EXERCISE:
From the first line of the data below through the line holding "Figure 2.1 Daphne", write out each line exactly as it stands.

DATA FOR THIS TASK:
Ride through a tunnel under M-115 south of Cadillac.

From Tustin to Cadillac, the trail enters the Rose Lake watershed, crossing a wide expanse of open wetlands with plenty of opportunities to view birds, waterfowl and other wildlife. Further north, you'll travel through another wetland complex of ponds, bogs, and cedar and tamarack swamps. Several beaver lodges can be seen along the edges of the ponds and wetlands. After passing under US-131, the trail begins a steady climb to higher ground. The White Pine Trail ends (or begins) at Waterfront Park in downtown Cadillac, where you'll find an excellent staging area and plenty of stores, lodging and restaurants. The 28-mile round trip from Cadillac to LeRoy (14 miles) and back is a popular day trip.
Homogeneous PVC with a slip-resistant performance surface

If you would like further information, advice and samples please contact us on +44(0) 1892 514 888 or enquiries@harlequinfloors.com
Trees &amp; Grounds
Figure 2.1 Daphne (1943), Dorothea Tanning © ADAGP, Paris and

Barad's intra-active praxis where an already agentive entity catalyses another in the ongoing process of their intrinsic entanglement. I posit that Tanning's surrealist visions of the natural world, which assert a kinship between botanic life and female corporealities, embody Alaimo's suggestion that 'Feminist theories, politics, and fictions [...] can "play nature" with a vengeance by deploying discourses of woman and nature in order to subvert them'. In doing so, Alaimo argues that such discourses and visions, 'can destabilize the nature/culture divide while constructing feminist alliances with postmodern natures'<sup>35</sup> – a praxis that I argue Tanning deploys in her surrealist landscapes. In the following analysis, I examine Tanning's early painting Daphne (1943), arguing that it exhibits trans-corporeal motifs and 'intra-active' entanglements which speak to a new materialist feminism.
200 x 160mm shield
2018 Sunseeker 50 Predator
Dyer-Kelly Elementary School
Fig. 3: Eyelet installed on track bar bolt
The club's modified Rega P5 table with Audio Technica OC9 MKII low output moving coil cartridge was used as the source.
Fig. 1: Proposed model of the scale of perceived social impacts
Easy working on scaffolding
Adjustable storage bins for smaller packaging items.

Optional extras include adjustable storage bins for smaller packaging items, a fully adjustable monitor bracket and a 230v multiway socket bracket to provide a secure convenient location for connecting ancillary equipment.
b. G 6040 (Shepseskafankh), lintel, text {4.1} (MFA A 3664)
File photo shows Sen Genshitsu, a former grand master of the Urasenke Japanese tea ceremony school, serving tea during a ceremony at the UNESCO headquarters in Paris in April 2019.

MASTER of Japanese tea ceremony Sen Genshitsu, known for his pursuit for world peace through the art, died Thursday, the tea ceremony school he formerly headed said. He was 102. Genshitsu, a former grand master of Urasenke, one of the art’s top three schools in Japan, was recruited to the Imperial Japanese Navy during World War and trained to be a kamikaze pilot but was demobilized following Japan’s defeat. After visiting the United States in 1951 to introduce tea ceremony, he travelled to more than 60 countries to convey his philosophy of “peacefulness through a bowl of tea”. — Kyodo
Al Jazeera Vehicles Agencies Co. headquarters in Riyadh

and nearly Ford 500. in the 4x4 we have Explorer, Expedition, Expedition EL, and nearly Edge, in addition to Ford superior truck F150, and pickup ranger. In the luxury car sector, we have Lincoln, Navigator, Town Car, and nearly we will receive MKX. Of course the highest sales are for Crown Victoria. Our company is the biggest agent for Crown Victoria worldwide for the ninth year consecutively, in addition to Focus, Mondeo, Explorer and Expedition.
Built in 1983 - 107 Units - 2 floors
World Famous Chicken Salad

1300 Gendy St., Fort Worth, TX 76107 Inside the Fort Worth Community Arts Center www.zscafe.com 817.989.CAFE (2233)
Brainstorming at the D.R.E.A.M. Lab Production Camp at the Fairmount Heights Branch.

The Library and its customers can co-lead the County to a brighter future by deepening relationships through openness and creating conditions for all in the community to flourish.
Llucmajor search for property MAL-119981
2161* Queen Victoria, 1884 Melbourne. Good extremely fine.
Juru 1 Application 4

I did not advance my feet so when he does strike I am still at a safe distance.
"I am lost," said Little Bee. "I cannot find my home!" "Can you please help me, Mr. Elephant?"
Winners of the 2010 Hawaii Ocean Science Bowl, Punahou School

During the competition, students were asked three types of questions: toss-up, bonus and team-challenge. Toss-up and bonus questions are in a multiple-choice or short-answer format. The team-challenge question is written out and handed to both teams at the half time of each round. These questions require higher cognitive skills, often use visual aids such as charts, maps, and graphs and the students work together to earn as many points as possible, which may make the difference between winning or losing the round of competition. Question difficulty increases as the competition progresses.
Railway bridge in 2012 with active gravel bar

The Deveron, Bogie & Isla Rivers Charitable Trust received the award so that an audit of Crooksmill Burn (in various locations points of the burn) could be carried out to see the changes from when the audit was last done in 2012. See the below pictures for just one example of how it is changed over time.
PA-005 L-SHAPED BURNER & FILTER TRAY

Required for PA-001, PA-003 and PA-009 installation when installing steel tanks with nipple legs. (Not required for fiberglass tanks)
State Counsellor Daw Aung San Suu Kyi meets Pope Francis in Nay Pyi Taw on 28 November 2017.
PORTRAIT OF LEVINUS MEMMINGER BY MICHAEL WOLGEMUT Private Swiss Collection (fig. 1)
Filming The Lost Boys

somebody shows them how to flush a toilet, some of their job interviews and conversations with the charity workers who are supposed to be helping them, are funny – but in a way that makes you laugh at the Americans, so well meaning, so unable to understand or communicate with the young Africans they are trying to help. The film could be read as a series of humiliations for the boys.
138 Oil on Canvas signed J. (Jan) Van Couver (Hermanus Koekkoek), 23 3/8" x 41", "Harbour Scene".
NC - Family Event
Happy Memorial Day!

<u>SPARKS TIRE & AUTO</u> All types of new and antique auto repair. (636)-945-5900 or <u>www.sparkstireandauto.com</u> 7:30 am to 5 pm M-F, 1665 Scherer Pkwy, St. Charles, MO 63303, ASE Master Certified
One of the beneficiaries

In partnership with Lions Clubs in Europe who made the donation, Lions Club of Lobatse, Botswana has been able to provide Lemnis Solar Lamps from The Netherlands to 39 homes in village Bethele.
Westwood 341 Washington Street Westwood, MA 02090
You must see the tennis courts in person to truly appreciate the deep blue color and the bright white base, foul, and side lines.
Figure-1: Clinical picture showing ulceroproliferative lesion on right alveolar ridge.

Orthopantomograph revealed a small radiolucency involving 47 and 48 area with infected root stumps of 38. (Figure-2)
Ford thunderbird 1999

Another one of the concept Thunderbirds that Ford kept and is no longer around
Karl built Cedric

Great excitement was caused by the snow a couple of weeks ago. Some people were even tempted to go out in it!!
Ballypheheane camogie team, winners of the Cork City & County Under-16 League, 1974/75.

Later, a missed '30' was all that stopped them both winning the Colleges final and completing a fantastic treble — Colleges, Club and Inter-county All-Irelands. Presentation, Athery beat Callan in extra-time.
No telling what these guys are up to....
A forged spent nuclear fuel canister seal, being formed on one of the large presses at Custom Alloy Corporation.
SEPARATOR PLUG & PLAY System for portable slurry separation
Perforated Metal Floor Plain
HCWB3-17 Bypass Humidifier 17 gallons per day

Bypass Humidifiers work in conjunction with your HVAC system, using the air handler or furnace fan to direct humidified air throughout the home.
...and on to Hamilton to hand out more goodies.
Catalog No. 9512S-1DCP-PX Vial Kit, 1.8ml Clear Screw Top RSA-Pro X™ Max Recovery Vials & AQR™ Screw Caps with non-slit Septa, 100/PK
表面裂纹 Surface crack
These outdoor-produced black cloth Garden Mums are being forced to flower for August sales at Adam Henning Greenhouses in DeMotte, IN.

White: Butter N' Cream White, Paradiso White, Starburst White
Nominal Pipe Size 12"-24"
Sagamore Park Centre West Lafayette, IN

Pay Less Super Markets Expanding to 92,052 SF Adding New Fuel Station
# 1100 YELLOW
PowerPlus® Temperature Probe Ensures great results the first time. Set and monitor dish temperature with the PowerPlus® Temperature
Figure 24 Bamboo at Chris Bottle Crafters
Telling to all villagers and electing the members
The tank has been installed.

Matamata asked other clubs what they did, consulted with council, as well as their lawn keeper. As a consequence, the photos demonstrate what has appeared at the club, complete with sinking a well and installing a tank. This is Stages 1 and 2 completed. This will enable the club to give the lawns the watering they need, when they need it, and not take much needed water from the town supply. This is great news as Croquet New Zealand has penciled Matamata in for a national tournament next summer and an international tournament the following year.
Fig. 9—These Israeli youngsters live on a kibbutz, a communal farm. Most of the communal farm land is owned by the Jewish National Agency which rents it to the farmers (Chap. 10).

FINISHED EXERCISE:
Ride through a tunnel under M-115 south of Cadillac.

From Tustin to Cadillac, the trail enters the Rose Lake watershed, crossing a wide expanse of open wetlands with plenty of opportunities to view birds, waterfowl and other wildlife. Further north, you'll travel through another wetland complex of ponds, bogs, and cedar and tamarack swamps. Several beaver lodges can be seen along the edges of the ponds and wetlands. After passing under US-131, the trail begins a steady climb to higher ground. The White Pine Trail ends (or begins) at Waterfront Park in downtown Cadillac, where you'll find an excellent staging area and plenty of stores, lodging and restaurants. The 28-mile round trip from Cadillac to LeRoy (14 miles) and back is a popular day trip.
Homogeneous PVC with a slip-resistant performance surface

If you would like further information, advice and samples please contact us on +44(0) 1892 514 888 or enquiries@harlequinfloors.com
Trees &amp; Grounds
Figure 2.1 Daphne (1943), Dorothea Tanning © ADAGP, Paris and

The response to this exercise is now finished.